Travis Downs reports that some C++ compilers have trouble filling up arrays with values at high speed. Typically, to fill an array with some value, C++ programmers invoke the std::fill. We might assume that for a task as simple as filling an array with zeroes, the C++ standard library would provide the absolute best performance. However, with GNU GCC compilers, that is not the case.
The following line of C++ code gets compiled as a loop that fills each individual byte with zeroes when applying the conventional -O2 optimization flag.
std::fill(p, p + n, 0);
When the array is large, it can become inefficient compared to a highly efficient implementation like the C function like memset.
memset(p, 0, n);
Travis reports that the difference is a factor of thirty. He also explains how to fix the C++ so that it is as fast as the memset function.
What about very large arrays? What if you need to write zeroes all over a 2GB array?

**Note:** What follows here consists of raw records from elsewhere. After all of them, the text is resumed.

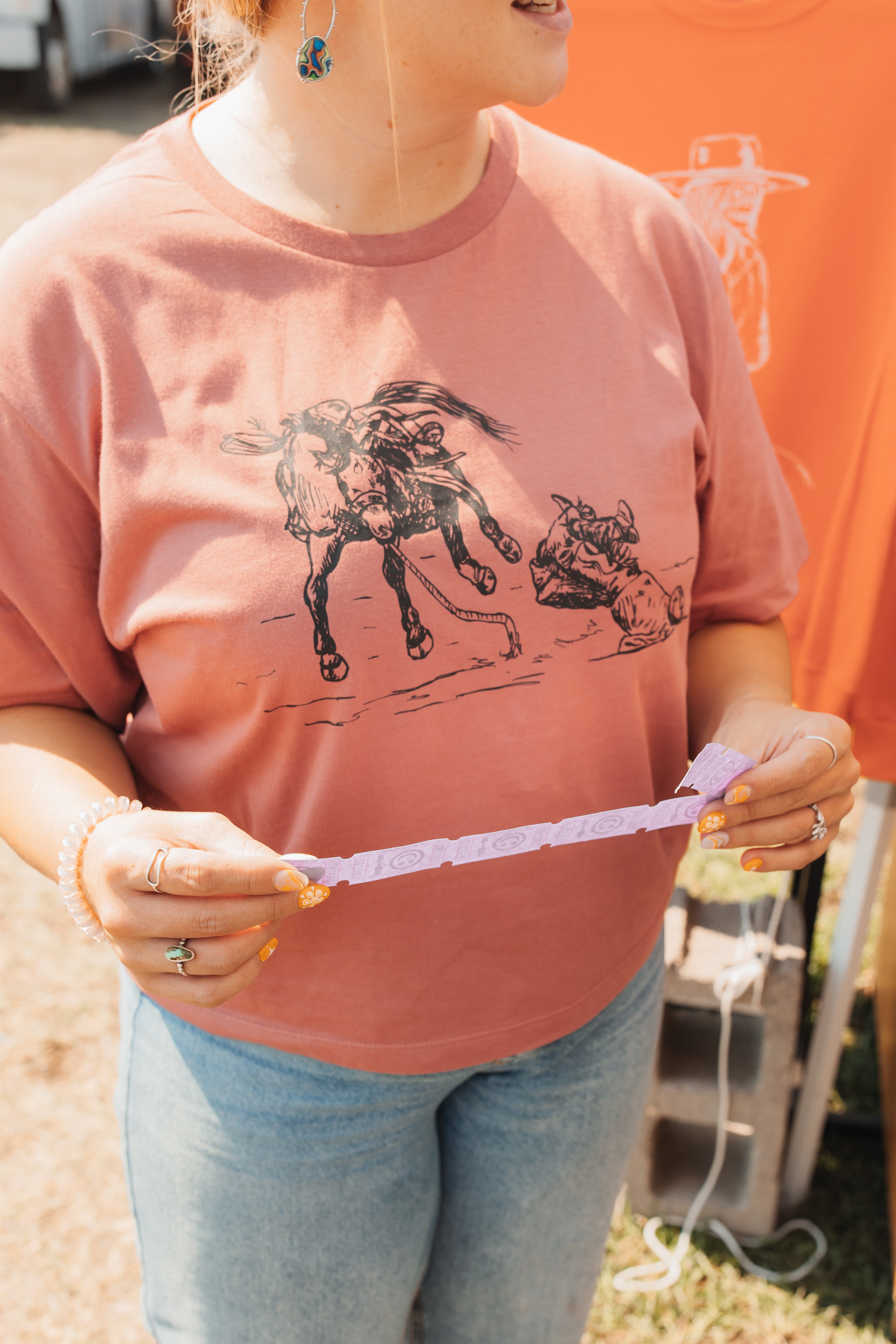 Add a splash of boldness to your wardrobe with the maroon Ope Cropped Tee. This playful, cropped-fit top channels that classic cowboy charm we all adore, making it perfect for any occasion—from casual days out to fun nights with friends. Embrace comfort and style in one easy choice!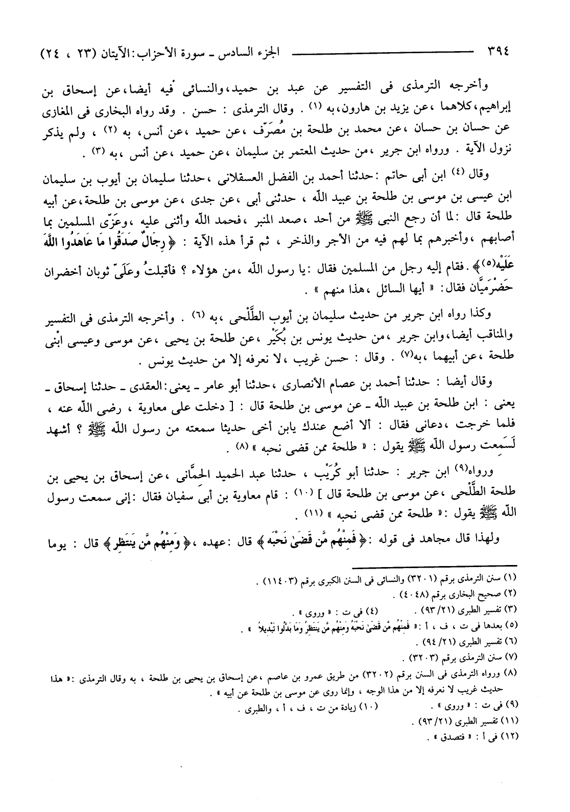 وَكَذَا رَوَاهُ ابْنُ جَرِيرٍ مِنْ حَدِيثِ سُلَيْمَانَ بْنِ أَيُّوبَ الطَّلْحي، بِهِ (6) . وَأَخْرَجَهُ التِّرْمِذِيُّ فِي التَّفْسِيرِ وَالْمَنَاقِبِ أَيْضًا، وَابْنُ جَرِيرٍ، مِنْ حَدِيثِ يُونُسَ بْنِ بُكَيْر، عَنْ طَلْحَةَ بْنِ يَحْيَى، عَنْ مُوسَى وَعِيسَى ابْنِي طَلْحَةَ، عَنْ أَبِيهِمَا، بِهِ (7) . وَقَالَ: حَسَنٌ غَرِيبٌ، لَا نَعْرِفُهُ إِلَّا مِنْ حَدِيثِ يُونُسَ.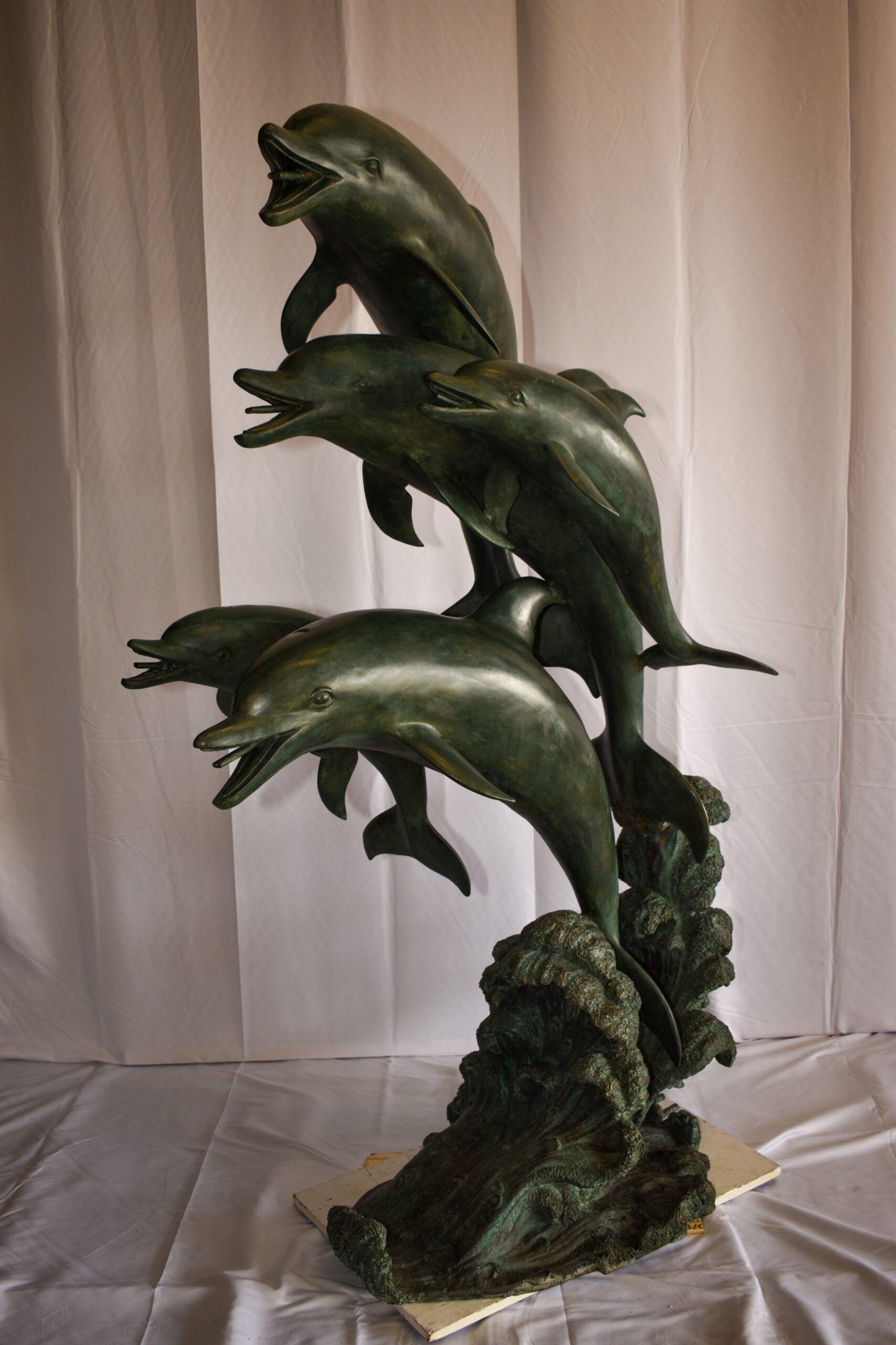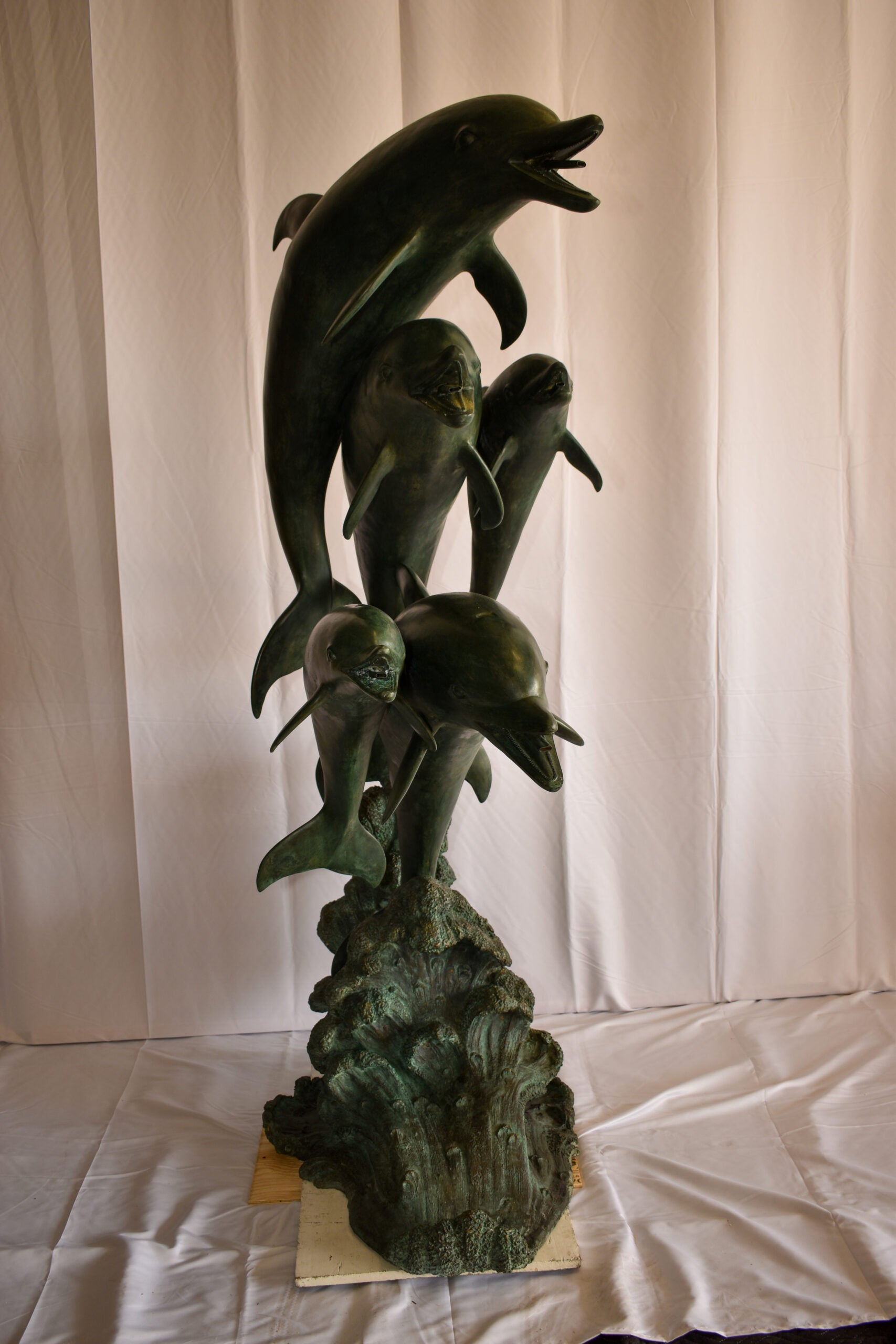 Five life size Dolphins bronze fountain Green Patina 47" x 27" x 84"H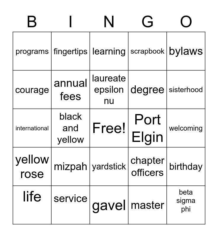 This bingo card has a free space and 29 words: life, torch, black and yellow, chapter, programs, learning, annual fees, mizpah, Port Elgin, service, welcoming, beta sigma phi, gavel, master, sisterhood, election of officers, yardstick, yellow rose, bylaws, international, chapter officers, closing ritual, degree, courage, scrapbook, fingertips, birthday, laureate epsilon nu and food.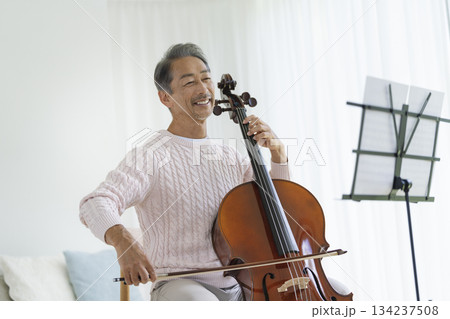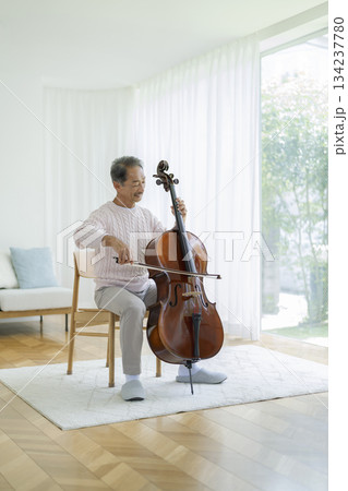 カメラ目線で笑顔のチェロを持ったシニア男性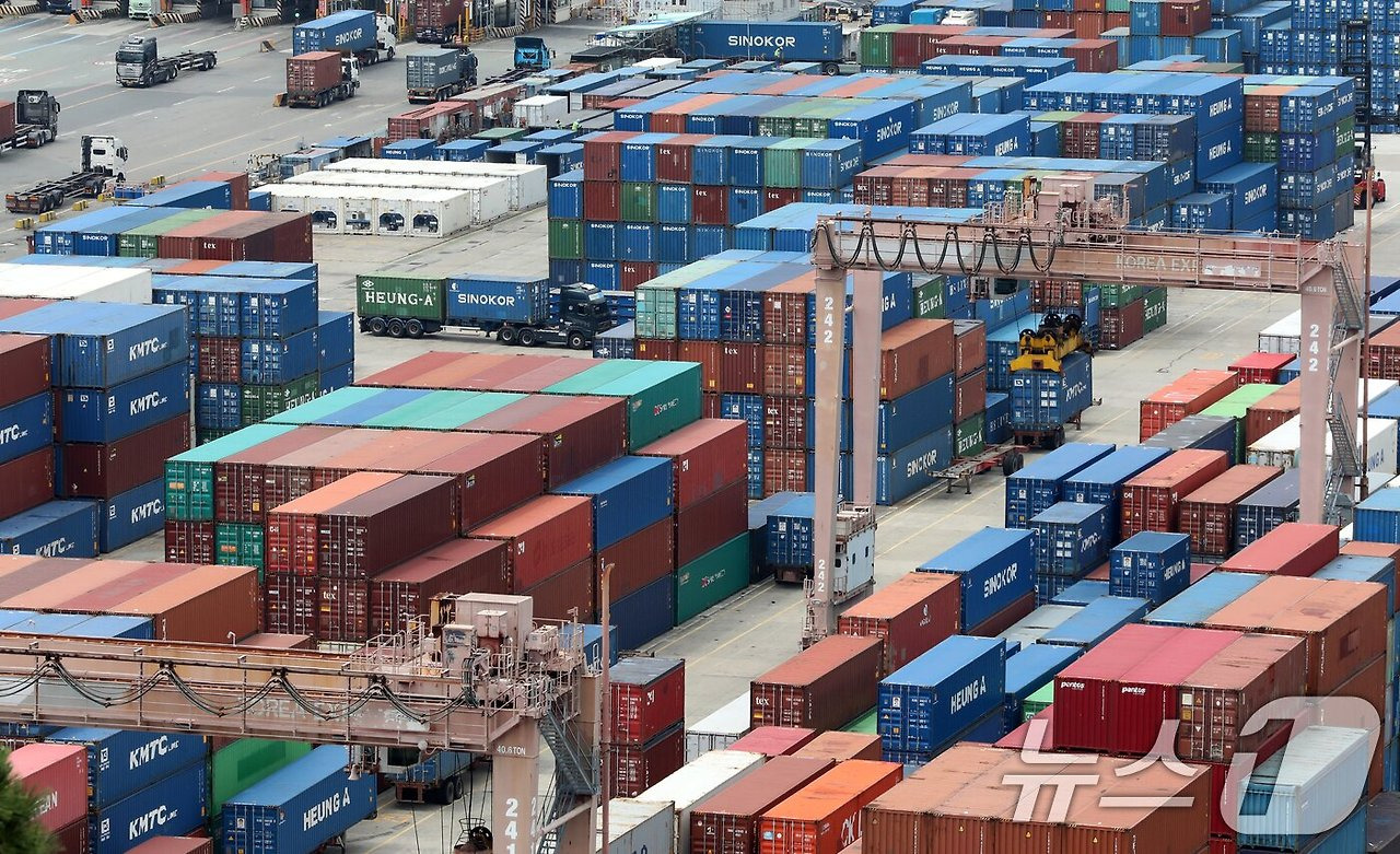 부산항 신선대부두 야적장에 컨테이너가 가득 쌓여 있는 모습. 2025.8.11/뉴스1 ⓒ News1 윤일지 기자

Roughly speaking, the memset function is 15 times faster than std::fill in my test. This demonstrates that even if you are working with large volumes of data, you can be easily limited by your inefficient implementations. You are not automatically limited by your memory bandwidth. In fact, std::fill in this instance cannot even keep up with a good network adaptor or a fast disk. We routinely parse JSON data, and write out DOM trees, at speeds far higher than 1.7 GB/s.
Another lesson I would derive from this example is that writing your code in idiomatic C++ is not sufficient to guarantee good performance. There is a lot of engineering involved in making C++ fast, and though it often works out magically, it can fail too.